Website: https://www.bco-dmo.org/dataset/707721
Data Type: Other Field Results
Version: 1
Version Date: 2017-07-05

» Can you hear me now? Estuarine soundscapes and their role in larval settlement (Larval settlement soundscapes)
Eggleston, David B.North Carolina State University (NCSU MEAS)Principal Investigator
Bohnenstiehl, DelWayneNorth Carolina State University (NCSU MEAS)Co-Principal Investigator
Kellogg, M. LisaVirginia Institute of Marine Science (VIMS)Co-Principal Investigator
Lyon, R. P.North Carolina State University (NCSU MEAS)Student
Ricci, ShannonNorth Carolina State University (NCSU)Technician
Copley, NancyWoods Hole Oceanographic Institution (WHOI BCO-DMO)BCO-DMO Data Manager

This dataset contains passive acoustic recordings from sites within a mid-latitude Oyster Reef Restoration Site in Harris Creek, a tributary of the Chesapeake Bay, MD. Each file contains raw acoustic records collected using a SoundTrap hydrophone recorder (OceanInstruments New Zealand) deployed within the boundaries of a reef assessment site during May 2015. The hydrophone was configured to record 2 minutes of data every 30 minutes at Little Neck, Walnut, and Lodges, and 2 minutes every 15 minutes at Rabbit Island East, Seth’s Point, Mill Point, Eagle Point, and Change. The sample rate for each deployment was 96,000 Hz.
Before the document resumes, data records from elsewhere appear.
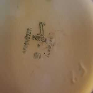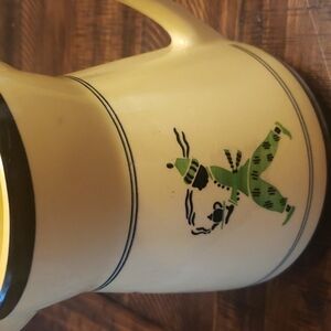 Antique yellow with black banding. Butler with tea pitcher in green clothing very rare. 7 inch tall. Slight crazing. Crack at the bottom that does not go through to the outside on the bottom as pictured in picture 4.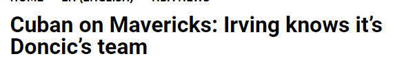 库班明确表态东契奇是独行侠队的老大以及头号球星,换言之,欧文只是球队的二当家;当年欧文申请离开骑士,就是不想当球队的二把手,之后辗转凯尔特人、篮网和独行侠,欧文仍旧没有成为球队的大当家。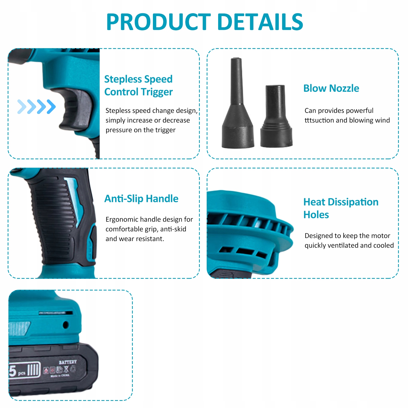 - Это своего рода высококачественный литиевый воздуходувка с мощным щеточным двигателем, обеспечивающим сильное всасывание и ветер. Быстрое рассеивание тепла, удобная ручка, простота в использовании, подходит для многих случаев.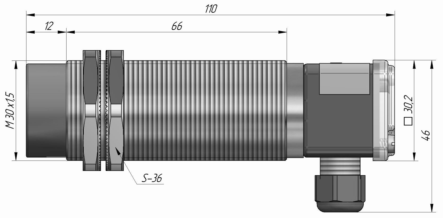 Индуктивный датчик ВБИ-М30-91К-2251-Л в цилиндрическом корпусе из никелированной латуни Ø30 мм, в общепромышленном исполнении.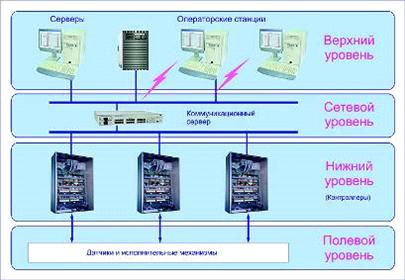На нижнем уровне контроллеры АСУ ТП выполняют измерение параметров технологического процесса и управляют его протеканием. Передают, через коммуникационный сервер сетевого уровня, информацию на верхний уровень.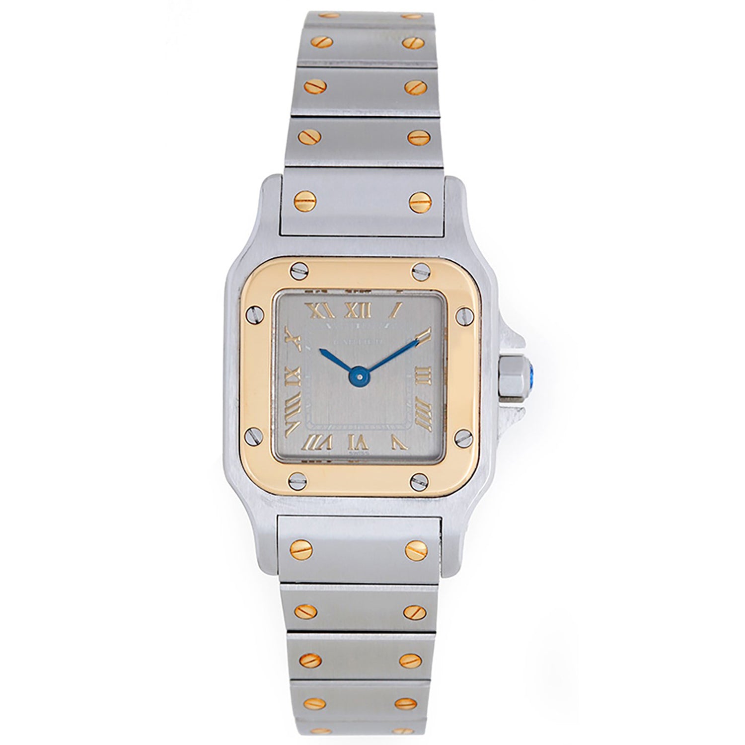 Cartier Santos Galbee Steel & Gold Ladies Watch Silver Roman Dial

Spatial Extent: N:38.7718 E:-76.28797 S:38.7208 W:-76.31173
Temporal Extent: 2015-05-06 - 2015-06-01

Acquisition Description

Beginning in May 2015, a short-term effort was initiated to record ambient underwater sound at high temporal resolution, at restored and unrestored oyster reefs within a large-scale oyster restoration site in Harris Creek, MD. This was accomplished using a low-power SoundTrap recorder and hydrophone (Ocean Instruments New Zealand).

The instrument was strapped vertically to a metal post and positioned ~0.15m above the seafloor and approximately 1.0-3.5 m below mean lower low water (MLLW) at all sites.

Recordings began 5/6/2015 at 12:00 and ended 6/1/2015 at 10:00. The instrument was programmed to record for 130 seconds every 15 or 30 minutes at a 96 kHz sample rate. The SoundTrap analog signal is digitized at a fixed rate of 288 kHz. A digital anti-alias filter, with a cutoff frequency of 0.45 times the desired sample rate, is then applied before decimation. Consequently, at our sample rate of 96 kHz, the useable (-3 dB) bandwidth of these recordings is 0.020-43.0 kHz. In total, 16,185 separate 2-minute recordings were made as part of this monitoring initiative.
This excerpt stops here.